Interfaces for drafting reports or content generation.

5. Monitoring and Maintenance

Continuously monitor the system’s performance and refine it as needed:

Regularly update the database with up-to-date documents.
Track user feedback to improve system responses.
Refine workflows or prompts for better accuracy.

Balancing ROI and Scalability

A key differentiator between approaches lies in the cost structure. While all models, including custom-built ones, require ongoing operational costs such as API usage or computational resources, the significant upfront training cost of custom models sets them apart drastically. Building a custom model requires significant investment in data science expertise, time, and GPU resources, making it a feasible option only for organisations with substantial budgets and specialised needs.

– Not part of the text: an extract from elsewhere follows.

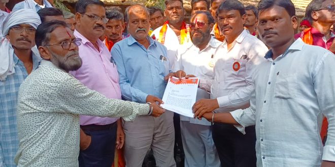 विजय कुमार गावित यांना तहसीलदार वरोरा मार्फत दिलेल्या निवेदनातून मनसेचे जिल्हा उपाध्यक्ष राजू कुकडे यांनी गावकऱ्यांच्या वतीने दिला आहे. यावेळी मनसे जिल्हा सचिव विनोद सोनटक्के, तालुका उपाध्यक्ष प्रशांत बदकी, विभाग अध्यक्ष राजेंद्र धाबेकर, रंगनाथ पवार,भास्कार कुमारे, दिवाकर कुमारे,निलेश कुमारे, रमेश मस्राम, अक्षय मडावी, तुलसीदास कन्नाके, प्रकाश मर्हसकोल्हे गिरिधर कोयचाडे रामू कोयचाडे, सारिका कुमारे, वैशाली कुमरे, मंजूषा मस्राम, माया ढवळे, रसिका धुर्वे, शामकला शेडमाके, मंजुळा मस्राम इत्यादींची उपस्थिती होती या निवेदनाच्या प्रती पालकमंत्री सुधीरभाऊ मुनगंटीवार. जिल्हाधिकारी चंद्रपूर, एकात्मिक आदिवासी प्रकल्प अधिकारी चिमूर यांना देण्यात आल्या.

RAG, by contrast, avoids these training costs as it leverages pre-trained models. According to a recent analysis by AdaSci, the operational costs of a RAG pipeline primarily stem from embedding generation, database maintenance, and LLM API calls. These costs vary significantly depending on the scale of implementation and usage.

Affordable AI for SMEs

As seen with Otto Group and Walmart, AI tools are revolutionising workplaces by saving time and enhancing efficiency. It allows SMEs, for the first time, to keep up with large organisations by leveraging AI to boost efficiency and drive growth.